### Work request
For this exercise, write each entry below out precisely and omit the pictures.

::: Records for this exercise :::

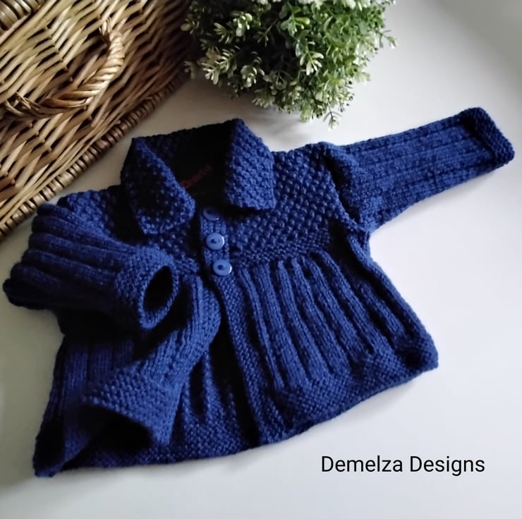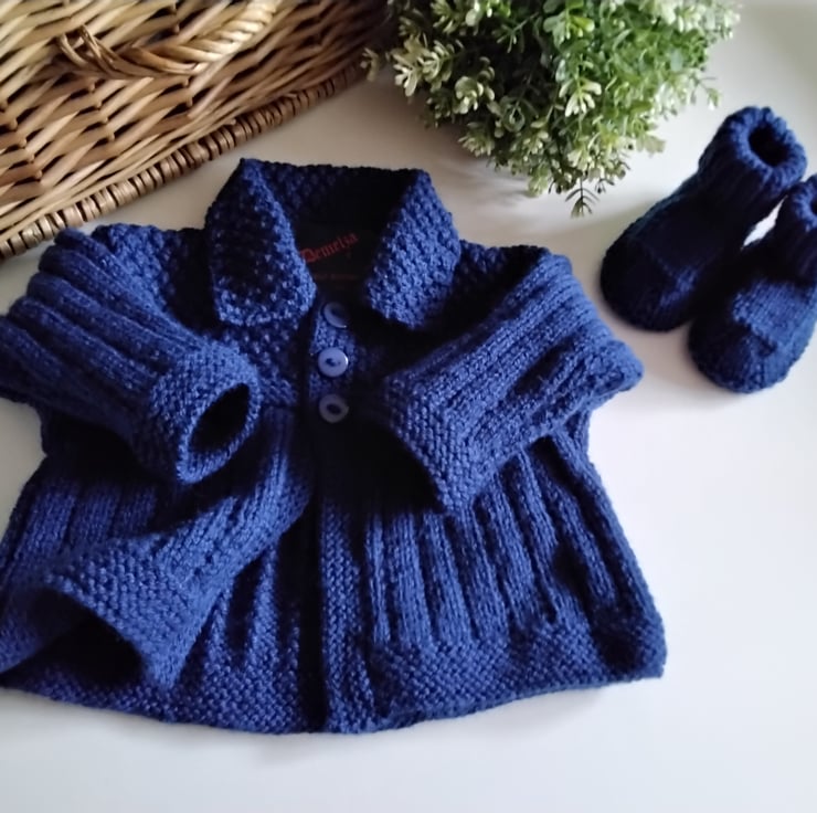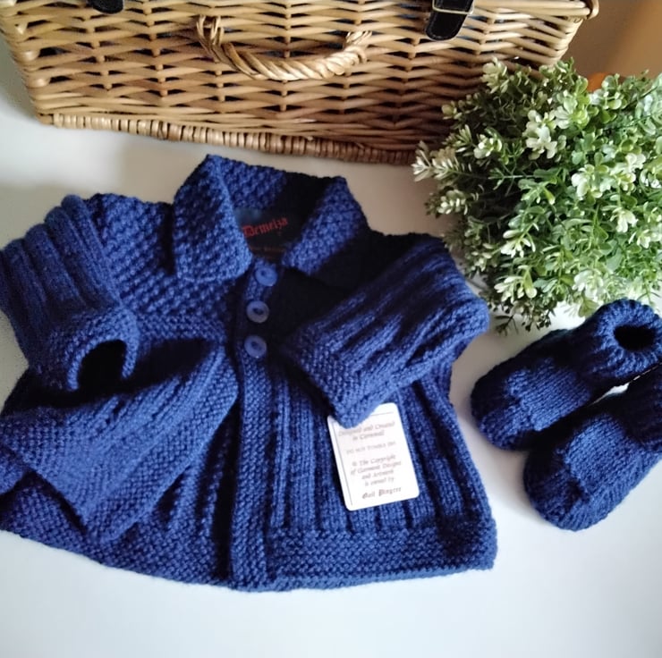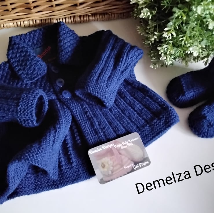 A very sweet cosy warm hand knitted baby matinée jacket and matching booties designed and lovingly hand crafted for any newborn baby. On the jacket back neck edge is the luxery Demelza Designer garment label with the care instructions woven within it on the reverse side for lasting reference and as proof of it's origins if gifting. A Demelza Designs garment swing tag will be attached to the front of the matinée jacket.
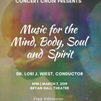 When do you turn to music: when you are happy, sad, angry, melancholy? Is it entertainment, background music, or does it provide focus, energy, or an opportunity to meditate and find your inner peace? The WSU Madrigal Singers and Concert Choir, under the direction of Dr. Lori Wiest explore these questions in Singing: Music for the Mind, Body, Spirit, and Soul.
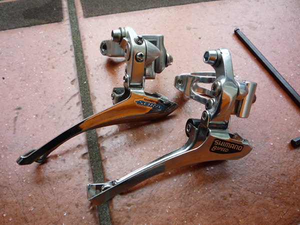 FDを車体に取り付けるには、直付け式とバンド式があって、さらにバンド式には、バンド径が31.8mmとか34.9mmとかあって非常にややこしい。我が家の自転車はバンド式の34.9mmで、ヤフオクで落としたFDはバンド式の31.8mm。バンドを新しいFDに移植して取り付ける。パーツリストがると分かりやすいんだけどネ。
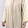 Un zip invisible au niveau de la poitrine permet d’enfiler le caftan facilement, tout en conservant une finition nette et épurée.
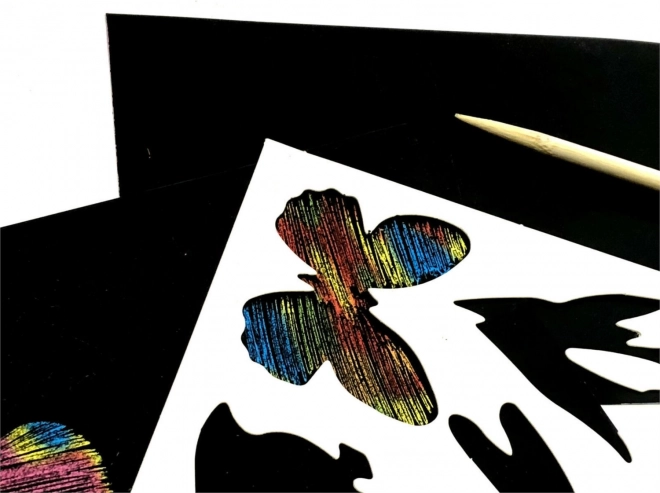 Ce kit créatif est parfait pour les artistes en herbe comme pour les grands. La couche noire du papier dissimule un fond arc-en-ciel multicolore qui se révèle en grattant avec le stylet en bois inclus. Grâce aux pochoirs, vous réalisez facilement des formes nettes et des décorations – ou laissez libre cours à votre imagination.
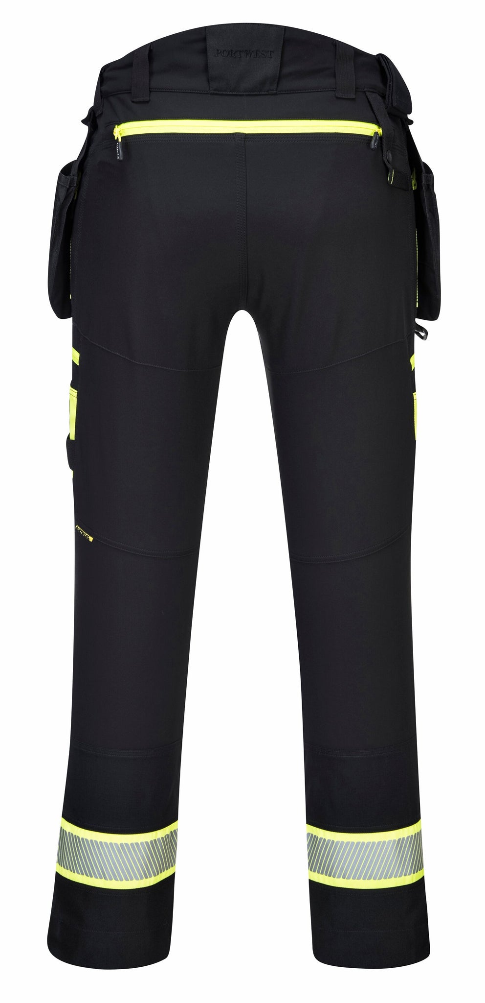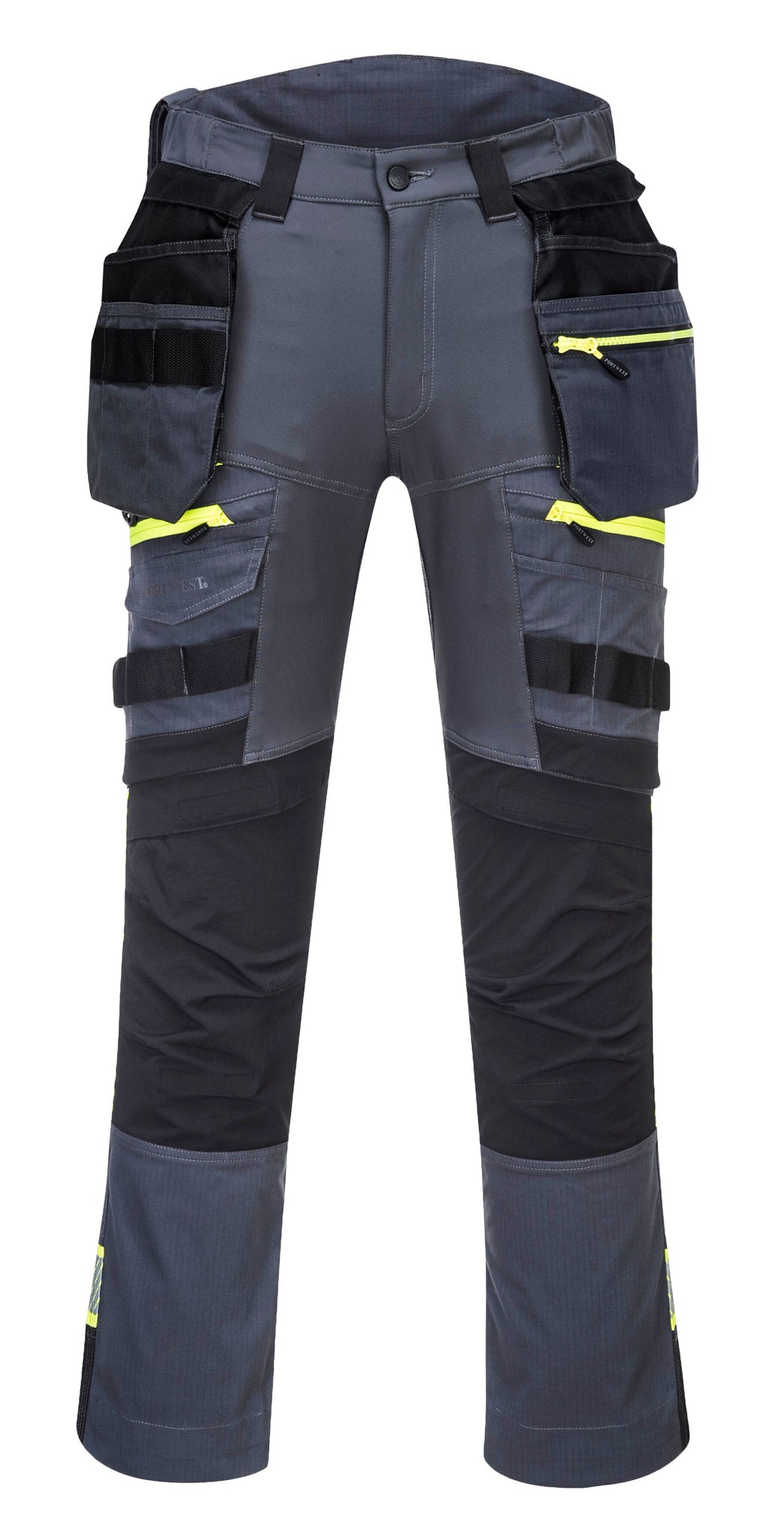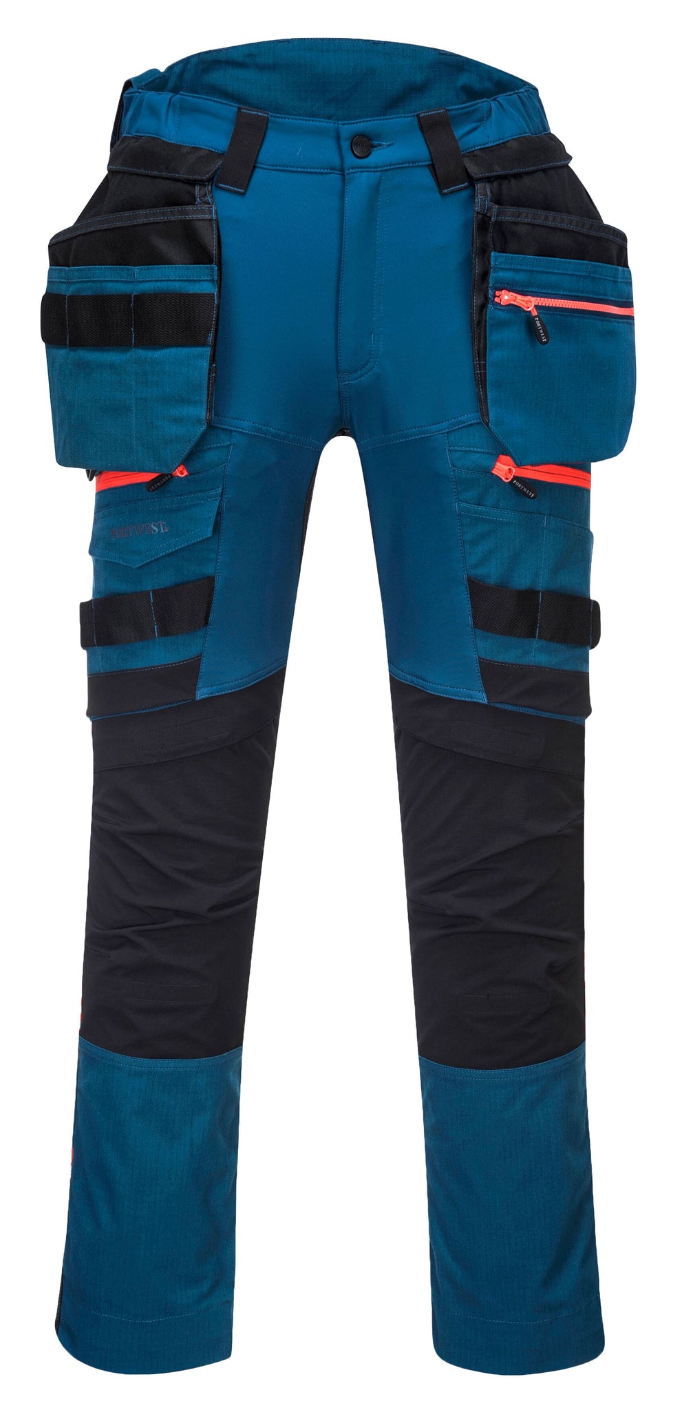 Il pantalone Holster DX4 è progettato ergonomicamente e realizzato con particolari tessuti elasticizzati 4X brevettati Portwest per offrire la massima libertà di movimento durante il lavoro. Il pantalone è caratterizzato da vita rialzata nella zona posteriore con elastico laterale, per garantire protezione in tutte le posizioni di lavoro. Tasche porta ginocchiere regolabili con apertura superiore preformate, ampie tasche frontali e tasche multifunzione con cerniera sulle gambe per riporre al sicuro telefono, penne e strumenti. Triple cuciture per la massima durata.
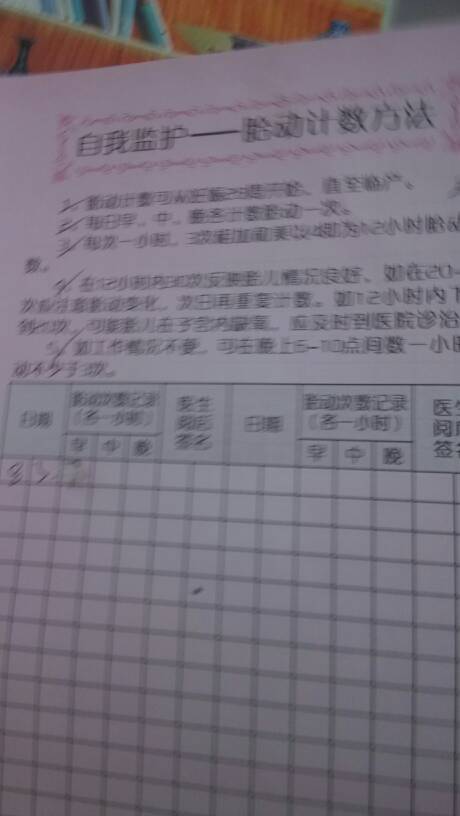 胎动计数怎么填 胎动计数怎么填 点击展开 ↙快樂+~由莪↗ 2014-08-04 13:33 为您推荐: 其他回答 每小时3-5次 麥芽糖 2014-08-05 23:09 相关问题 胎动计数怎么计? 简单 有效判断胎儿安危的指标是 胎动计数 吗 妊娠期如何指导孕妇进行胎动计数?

:::

### Response below
 A very sweet cosy warm hand knitted baby matinée jacket and matching booties designed and lovingly hand crafted for any newborn baby. On the jacket back neck edge is the luxery Demelza Designer garment label with the care instructions woven within it on the reverse side for lasting reference and as proof of it's origins if gifting. A Demelza Designs garment swing tag will be attached to the front of the matinée jacket.
 When do you turn to music: when you are happy, sad, angry, melancholy? Is it entertainment, background music, or does it provide focus, energy, or an opportunity to meditate and find your inner peace? The WSU Madrigal Singers and Concert Choir, under the direction of Dr. Lori Wiest explore these questions in Singing: Music for the Mind, Body, Spirit, and Soul.
 FDを車体に取り付けるには、直付け式とバンド式があって、さらにバンド式には、バンド径が31.8mmとか34.9mmとかあって非常にややこしい。我が家の自転車はバンド式の34.9mmで、ヤフオクで落としたFDはバンド式の31.8mm。バンドを新しいFDに移植して取り付ける。パーツリストがると分かりやすいんだけどネ。
 Un zip invisible au niveau de la poitrine permet d’enfiler le caftan facilement, tout en conservant une finition nette et épurée.
 Ce kit créatif est parfait pour les artistes en herbe comme pour les grands. La couche noire du papier dissimule un fond arc-en-ciel multicolore qui se révèle en grattant avec le stylet en bois inclus. Grâce aux pochoirs, vous réalisez facilement des formes nettes et des décorations – ou laissez libre cours à votre imagination.
 Il pantalone Holster DX4 è progettato ergonomicamente e realizzato con particolari tessuti elasticizzati 4X brevettati Portwest per offrire la massima libertà di movimento durante il lavoro. Il pantalone è caratterizzato da vita rialzata nella zona posteriore con elastico laterale, per garantire protezione in tutte le posizioni di lavoro. Tasche porta ginocchiere regolabili con apertura superiore preformate, ampie tasche frontali e tasche multifunzione con cerniera sulle gambe per riporre al sicuro telefono, penne e strumenti. Triple cuciture per la massima durata.
 胎动计数怎么填 胎动计数怎么填 点击展开 ↙快樂+~由莪↗ 2014-08-04 13:33 为您推荐: 其他回答 每小时3-5次 麥芽糖 2014-08-05 23:09 相关问题 胎动计数怎么计? 简单 有效判断胎儿安危的指标是 胎动计数 吗 妊娠期如何指导孕妇进行胎动计数?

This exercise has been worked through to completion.